Het periosteum wordt algemeen erkend als een belangrijke rol bij de vorming van corticaal bot door het intramembrane mechanisme. Het is samengesteld uit een buitenste vezellaag en een binnenste osteogene of cambiale laag. Minder algemeen gewaardeerd is echter het feit dat het periosteum ook een belangrijke ondersteunende rol speelt met betrekking tot de stabiliteit op de fyseal-metafysaire overgang, evenals een rol bij het uitoefenen van de juiste trekkrachten op de physis tijdens de groeiperiode. De buitenste vezellaag van het periosteum passeert de physis en hecht zich aan het epifysair kraakbeen. Het dient als een continue laag van het epifysair kraakbeen van het proximale uiteinde van een lang bot tot het epifysair kraakbeen van het distale uiteinde van dat bot.
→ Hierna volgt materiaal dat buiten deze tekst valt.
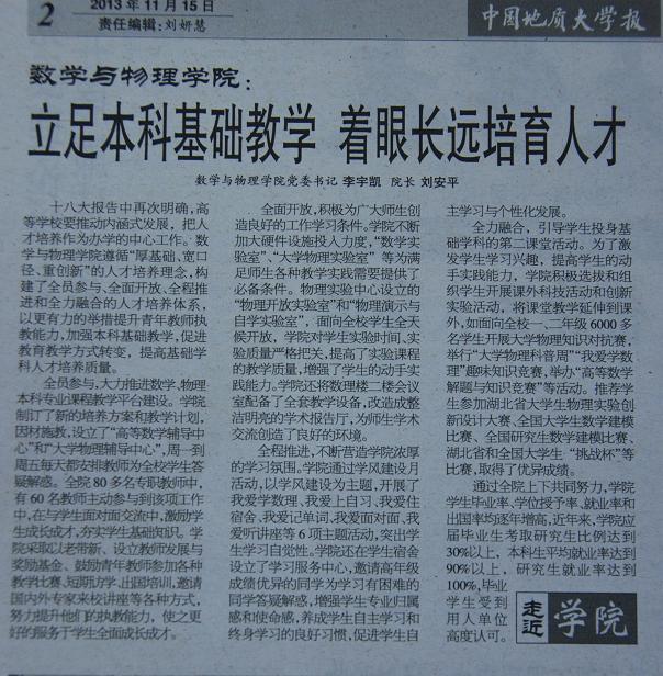 在2013年11月15日第451期的中国地质大学报的“走近学院”专栏中,刊登了一篇题为“数学与物理学院:立足本科基础教学 着眼长远培育人才”的专题报道,现把详细内容转载如下。

Het periosteum is vrij losjes bevestigd aan het onderliggende corticale bot in het kind in ontwikkeling. De redenen hiervoor houden verband met de verschillende groeisnelheden in het bot zelf en in het periost. Het bot groeit door aan beide uiteinden weefsel aan te brengen, maar het is aangetoond dat het periost over de gehele lengte gelijkmatig groeit door interstitiële celmechanismen (364). Bovendien groeit het ene uiteinde van een lang bot sneller dan het andere uiteinde. Door de losse bevestiging van het periosteum aan het onderliggende bot kunnen de differentiële groeimechanismen zonder problemen gelijktijdig plaatsvinden. De interstitiële groei van het periosteum dient ook om de relatie tussen de spieraanhechtingen en het periosteum te behouden, een gebeurtenis die veel moeilijker zou zijn als het periosteum zelf alleen aan zijn proximale en distale uiteinden groeide. De buitenste vezellaag van het periosteum is continu van epifysair kraakbeen tot epifysair kraakbeen, terwijl de binnenste osteogene laag vaak discontinu is in het gebied van de metafysaire insnijdingszone, in het bijzonder waar deze zone nogal gehoekt is. Het periosteum is stevig gehecht aan het groeiende bot aan beide epifysaire uiteinden. Lacroix geeft aan dat het enige gebied tussen deze regio’s waarin periostale verlenging en botverlenging hetzelfde zijn, is op het zogenaamde “nulpunt” van periostale groei, dat het verst verwijderd is van de meest actieve groeischijf en het dichtst bij de minst actieve groei. Dit zou bijvoorbeeld gebeuren in de tibia op ongeveer 35% van de tibiale lengte boven de groeischijf, omdat slechts 35% van de tibiale groei plaatsvindt aan het distale uiteinde van het bot.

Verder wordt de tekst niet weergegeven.